Montenegro didn't join NATO because of any "anti-Russian hysteria," as the Kremlin claims
Montenegro joined NATO because Podgorica sees the alliance as the best guarantor of stability in the Western Balkans. Makes sense. Countries in the region that joined NATO -- like Slovenia and Croatia -- are stable. Countries that haven't, not so much.
Boskovic added that "this is also in the best interest of Russia, as peace in the Western Balkans is in Moscow's best interest."
But here's the thing. Judging from its behavior, peace and stability in the Western Balkans are the very last things Moscow is interested in.
Russia's proxies apparently attempted to instigate a coup in Montenegro last year.
According to a recent report by the Organized Crime and Corruption Reporting Project (featured in the Morning Vertical on June 5), Moscow has been actively trying to destabilize Macedonia.
And Russia is widely suspected of instigating mischief in Bosnia-Herzegovina through proxies in Republika Srpska.
So while Boskovic was probably quite sincere when he said this isn't about Russia, the Kremlin and its proxies is doing all it can to make it all about them.
IN THE NEWS
Russian officials have protested strongly against comments by U.S. Vice President Mike Pence in which he mentioned Russia as a threat to global stability on a par with Iran.
U.S. Secretary of State Rex Tillerson says President Donald Trump told him to "begin a reengagement process" aimed at rebuilding relations with Moscow and not to let the turmoil in Washington over possible Russian ties to Trump's inner circle get in the way.
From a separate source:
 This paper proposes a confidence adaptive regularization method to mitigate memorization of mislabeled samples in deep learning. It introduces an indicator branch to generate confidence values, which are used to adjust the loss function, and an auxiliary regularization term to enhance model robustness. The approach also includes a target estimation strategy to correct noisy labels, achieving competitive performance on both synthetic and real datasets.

Montenegro has said Russia should not be alarmed by the Balkan country joining NATO, after Moscow warned of retaliation against Montenegro's "hostile course" and condemned the country's "anti-Russian hysteria."
Russia, Serbia, and Belarus are holding joint military exercises near the Belarusian border with NATO member Poland.
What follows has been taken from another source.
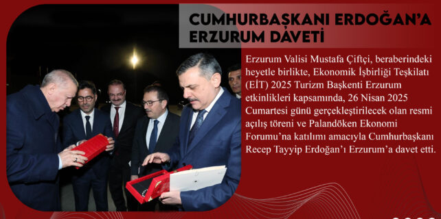 Erzurum Valisi Mustafa Çiftçi, beraberindeki heyetle birlikte, Ekonomik İşbirliği Teşkilatı (EİT) 2025 Turizm Başkenti Erzurum etkinlikleri kapsamında, 26 Nisan 2025 Cumartesi günü gerçekleştirilecek olan resmi açılış töreni ve Palandöken Ekonomi Forumu’na katılımı amacıyla Cumhurbaşkanı Recep Tayyip Erdoğan’ı Erzurum’a davet etti.

The ambassadors of the European Union member states decided on June 6 to prolong the bloc's investment ban against Crimea for another year, punishing Russia for its armed takeover of the Ukrainian region.
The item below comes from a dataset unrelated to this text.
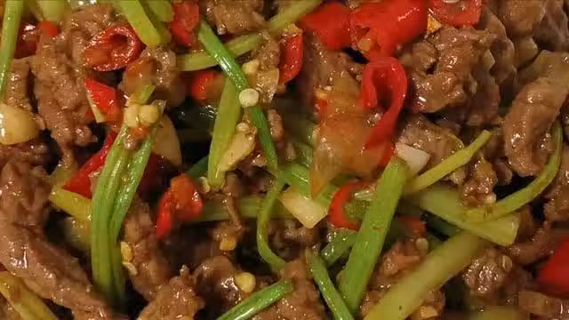 做法:將牛肉洗凈,切成薄片備用。青椒、紅椒去籽切成小塊,洋蔥切成丁,姜切成片,蒜切成末備用。熱鍋涼油,放入牛肉片,中小火慢慢煎,煎至兩面金黃色,加入洋蔥丁、薑片、蒜末炒香。加入料酒、生抽、老抽、鹽、白糖翻炒均勻,加入青紅椒塊,大火翻炒均勻即可。

Russia says one of its fighter jets intercepted a U.S. bomber flying near its border over the Baltic Sea, while Russian news reports say another Russian warplane intercepted a patrol plane from NATO member Norway over the Barents Sea.
Russia's security service has told Russian news agencies that it raided the Church of Scientology's branch in St. Petersburg as part of a probe into illegal entrepreneurship, extremism, and incitement of hatred.
Eight Russian mortgage holders have announced a hunger strike at a Moscow branch of Austria's Raiffeisenbank.
Several hundred people rallied outside the Russian parliament on June 6 to protest a plan to demolish Soviet-era low-rise apartment blocks.
A native of Chechnya who claimed in 2013 that he was tortured by police has managed to narrowly escape being transferred to Grozny, the Chechen capital, following his release from custody in Russia's Bryansk region, a rights group says.
WHAT I'M READING
Who Owns The Putin Campaign?
In her column for Republic.ru, political analyst Tatiana Stanovaya looks at the battles in the Kremlin for control of Putin's election campaign.
Waiting For Germany
Stanley Sloan, a senior fellow at The Atlantic Council and author of the book Defense Of the West: NATO, The European Union And The Transatlantic Bargain, argues in War on The Rocks that we should not count on Germany to save the West.
Hacking The U.S. Election
Foreign affairs analyst Vladimir Frolov has a piece in The Moscow Times looking at what we know about allegations that Russia tried to influence the U.S. presidential election.
In his column for Bloomberg, political commentator Leonid Bershidsky looks at the leaked NSA report alleging that Russia attempted to hack U.S. election-related systems.
Hacking The French Election
Roman Dobrokhotov, editor in chief of The Insider looks at Russia's efforts to hack the French presidential election. The article is available in English and in Russian.
CNN is reporting that U.S. investigators suspect that Russian hackers planted fake news stories in Qatar, sparking the current crisis.
More On Putin's National Guard Decree
On his blog In Moscow's Shadows, Mark Galeotti of the Institute of International Relations in Prague weighs in on Putin's latest decree on the National Guard.
Little Switzerland For The Donbas
Georgia's pro-Moscow breakaway region South Ossetia is becoming a key conduit for Russia to funnel money to the separatist territories of the Donbas.